Next come your exemptions. Each exemption you claim can lower
your taxable income by about $2,500, and this amount increases
each year with inflation.
Note that exemptions have nothing to do with your deductions,
including the standard deduction. It's true that both
exemptions and deductions reduce your taxable
income, but they're different things.
Put simply, exemptions deal with the number of people living
in your household, while deductions deal with your
lifestyle.
For example, if you're over age 65, you still get only one exemption.
But if you're over 65, you get a higher standard deduction.
Same thing if you're blind. One exemption, but a higher
standard deduction.
Or suppose you live in a big house with a big mortgage. This
lifestyle leads to a big mortgage interest deduction,
but it doesn't affect the number of exemptions you can
claim. Exemptions and deductions are different.
Figuring out your number of exemptions
So determining the number of exemptions you can claim should
be as easy as counting the number of warm bodies in your home.
Unfortunately, it's not that easy.
If you're not a dependent, you can claim yourself as an exemption.
If you're married, filing jointly, you can claim your spouse.
Your marital status is determined as of the last day of
your filing year, usually December 31. If you were married to
someone on December 31st, according to the IRS you were married
to that person for the whole year.
When it comes to dependents, however, things get murkier.
The value of an exemption
Because each dependent you claim cuts your taxable income
by about $2,500, a middle-class taxpayer in the 28 percent bracket
cuts his total tax liability by about $700 for each dependent
he claims.
So there's an incentive to claim as many dependents
as possible. I've even heard stories of people claiming their
dogs as dependents.
To help prevent this, the IRS requires you to give the Social
Security number of each dependent you're claiming. You should
be careful that you and an ex-spouse both don't claim the
same child, because the matching Social Security numbers will
trigger a letter from the IRS.
So now for the $700 question : How do you determine if a person
is your dependent or not?
IRS' five rules for finding dependents
The IRS has five tests that must be met. The first is
citizenship. Only residents of the US, Canada or
Mexico can be a dependent.
The second test is gross income. If the person made more
than the exemption amount, that is $2,550 in 1996, they can't
be a dependent. But, and this is a big but, this
requirement is waived for children under age 19
and students under age 24.
The gross income requirement usually affects elderly dependents.
If you're helping to support your mother, and she receives $5,000
in interest income, you can't claim her as a dependent.
The third test is the relationship test. You normally
can only claim a blood relative, but there's an exception.

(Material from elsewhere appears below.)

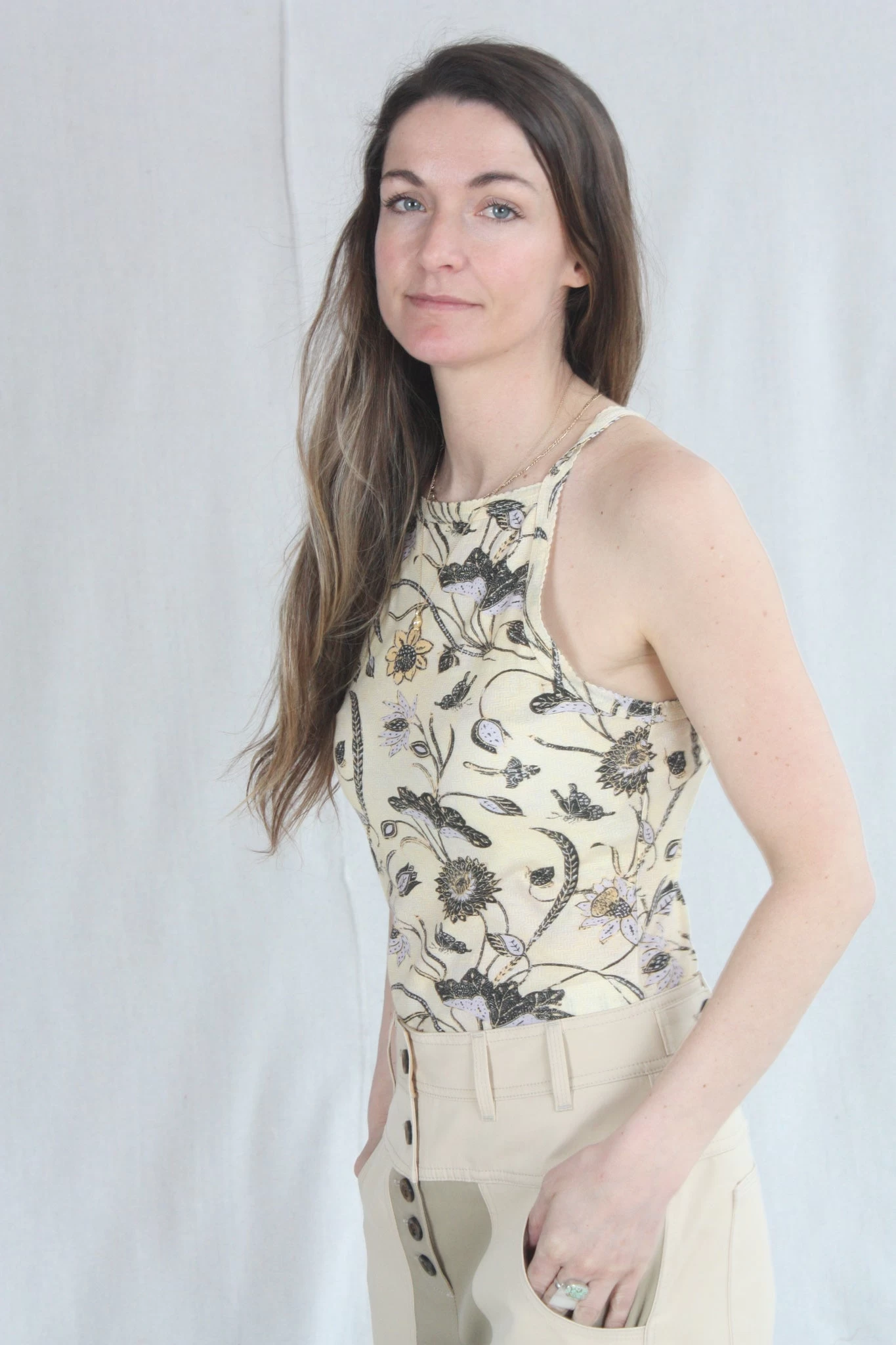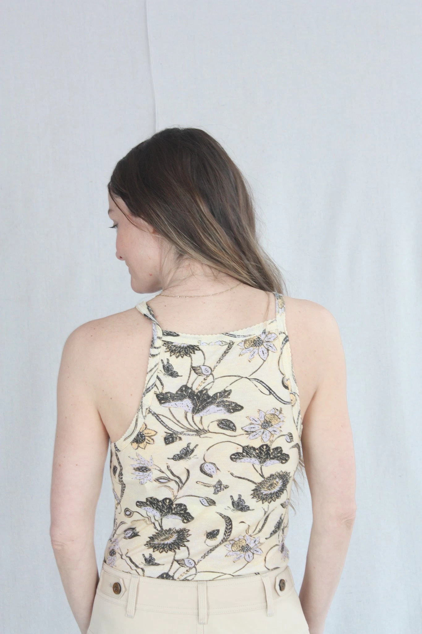 The Sidney Cami is a lightweight cotton underpinning, patterned in blooming florals. This cute cami features thin, scalloped straps and a high-neckline.

If a non-relative was in your home for the entire year,
you might be able to claim her.
The fourth test is the support test. You must provide
over half of the total support of a person to claim that
person as a dependent. There is a provision, however, for one
person to claim the exemption even if several people provided
support.
Claiming the exemption for the children of divorced parents
is tricky. After 1984, Congress said that the parent who has
custody of the child for the majority of the year can claim
the exemption. However, this right can be waived with Form 8332.

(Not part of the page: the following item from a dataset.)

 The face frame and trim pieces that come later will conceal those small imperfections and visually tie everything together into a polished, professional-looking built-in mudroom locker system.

Giving the right to the person with the higher income can lead
to some tax arbitrage savings.
The fifth test states that a dependent may not file a joint
tax return with someone else.
To summarize, you almost always should be able to claim your
children who are under 19 as your dependents. With
anything else, say an elderly parent or a foster child, you'll
have to check the IRS instructions. But if you are helping to
support someone, you should look into claiming them as a dependent
because this could save you $700 in taxes.